__WHAT THIS TASK INVOLVES__.
From the entries below, reproduce exactly the line containing "DANNI & TONI", the line containing "Pas moins populaire", and every line in between, with nothing added.

__TASK INPUTS__.
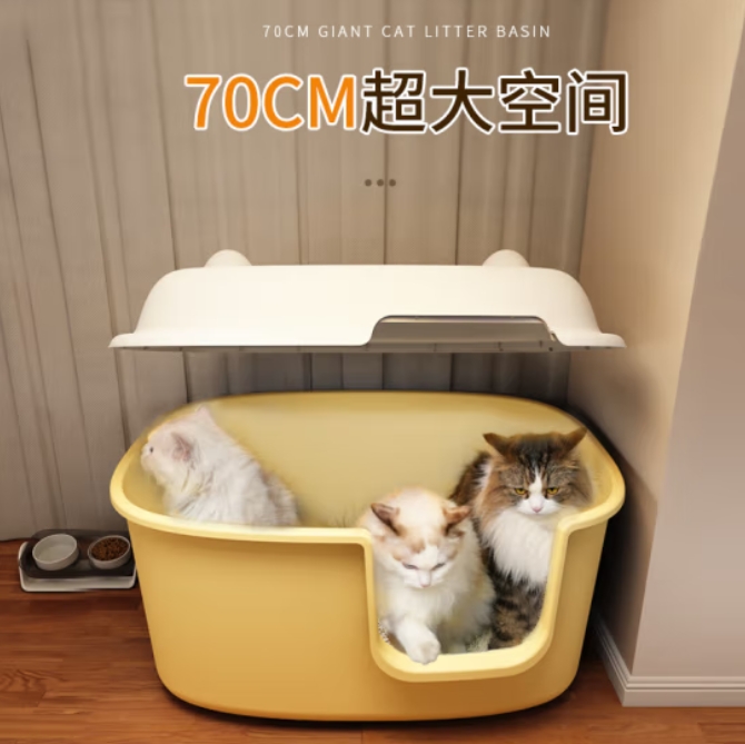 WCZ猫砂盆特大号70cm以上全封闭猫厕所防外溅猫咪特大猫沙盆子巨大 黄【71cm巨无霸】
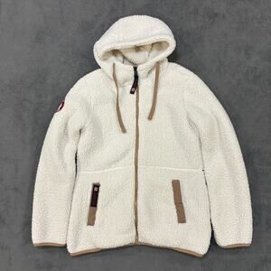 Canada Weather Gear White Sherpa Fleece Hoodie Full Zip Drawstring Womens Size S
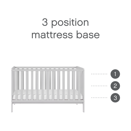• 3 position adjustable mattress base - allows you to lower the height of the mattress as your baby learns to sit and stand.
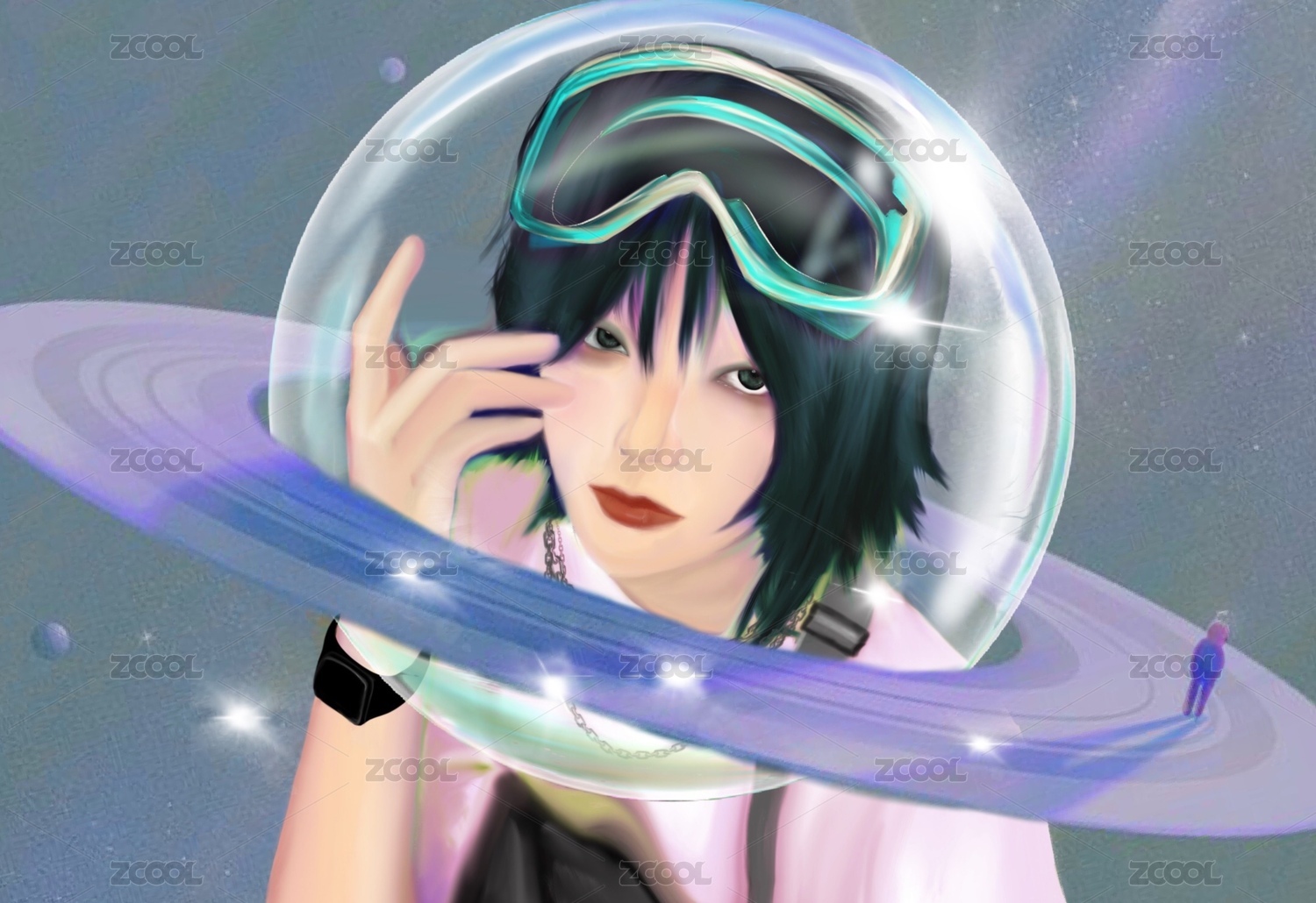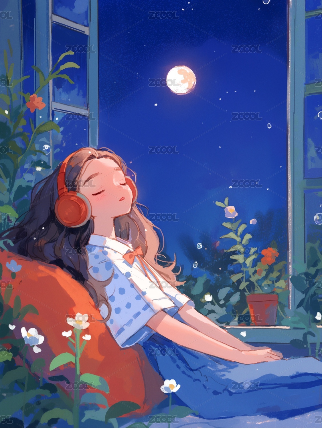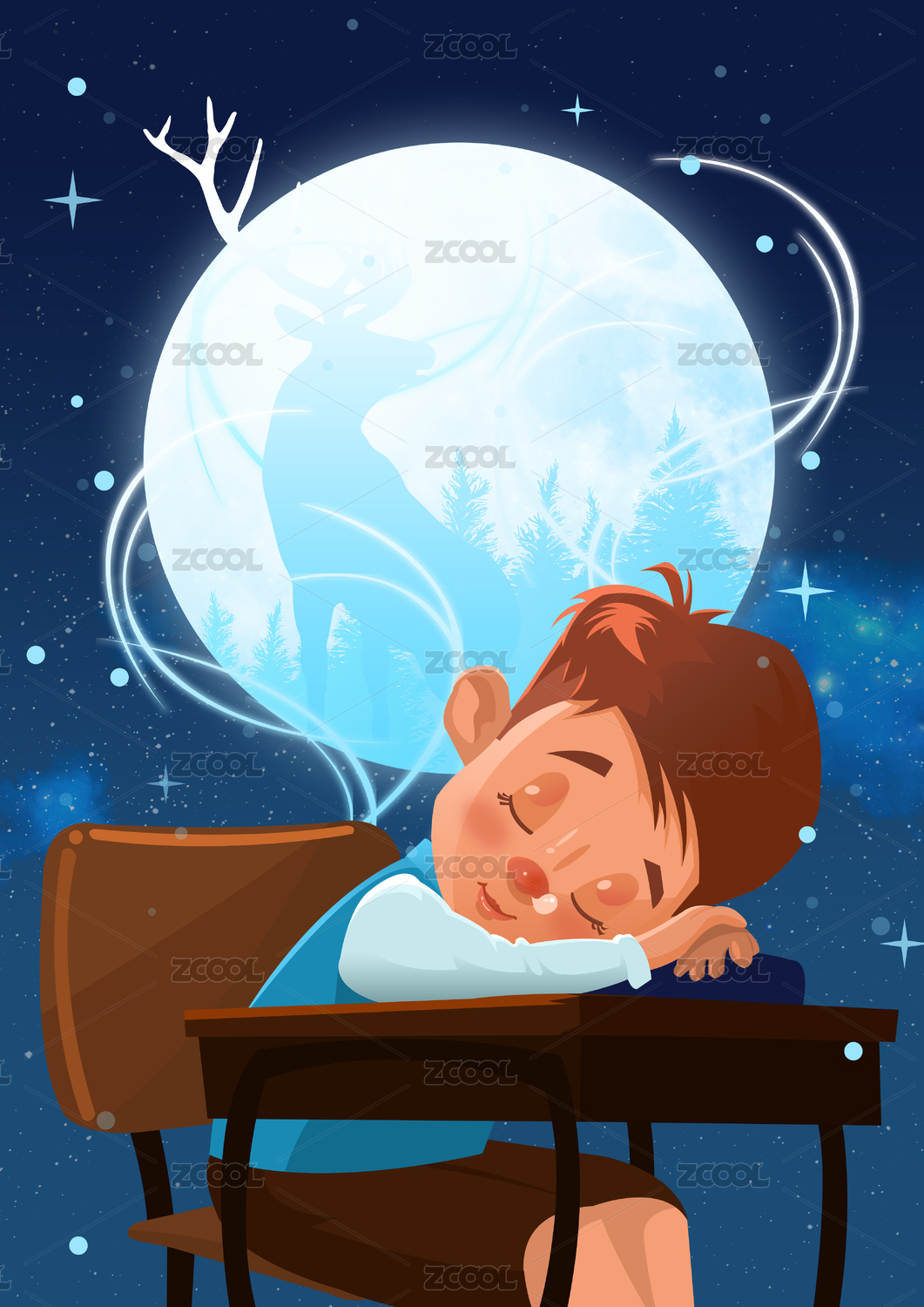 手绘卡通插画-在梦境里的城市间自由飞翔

...

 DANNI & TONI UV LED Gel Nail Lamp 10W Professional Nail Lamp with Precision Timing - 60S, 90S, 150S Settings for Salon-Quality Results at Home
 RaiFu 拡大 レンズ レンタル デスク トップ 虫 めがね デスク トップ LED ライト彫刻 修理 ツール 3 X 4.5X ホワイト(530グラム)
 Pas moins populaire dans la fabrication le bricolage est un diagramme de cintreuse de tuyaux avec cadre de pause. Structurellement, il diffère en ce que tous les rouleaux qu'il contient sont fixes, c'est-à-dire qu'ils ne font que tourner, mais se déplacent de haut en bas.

__REPLY__.
 DANNI & TONI UV LED Gel Nail Lamp 10W Professional Nail Lamp with Precision Timing - 60S, 90S, 150S Settings for Salon-Quality Results at Home
 RaiFu 拡大 レンズ レンタル デスク トップ 虫 めがね デスク トップ LED ライト彫刻 修理 ツール 3 X 4.5X ホワイト(530グラム)
 Pas moins populaire dans la fabrication le bricolage est un diagramme de cintreuse de tuyaux avec cadre de pause. Structurellement, il diffère en ce que tous les rouleaux qu'il contient sont fixes, c'est-à-dire qu'ils ne font que tourner, mais se déplacent de haut en bas.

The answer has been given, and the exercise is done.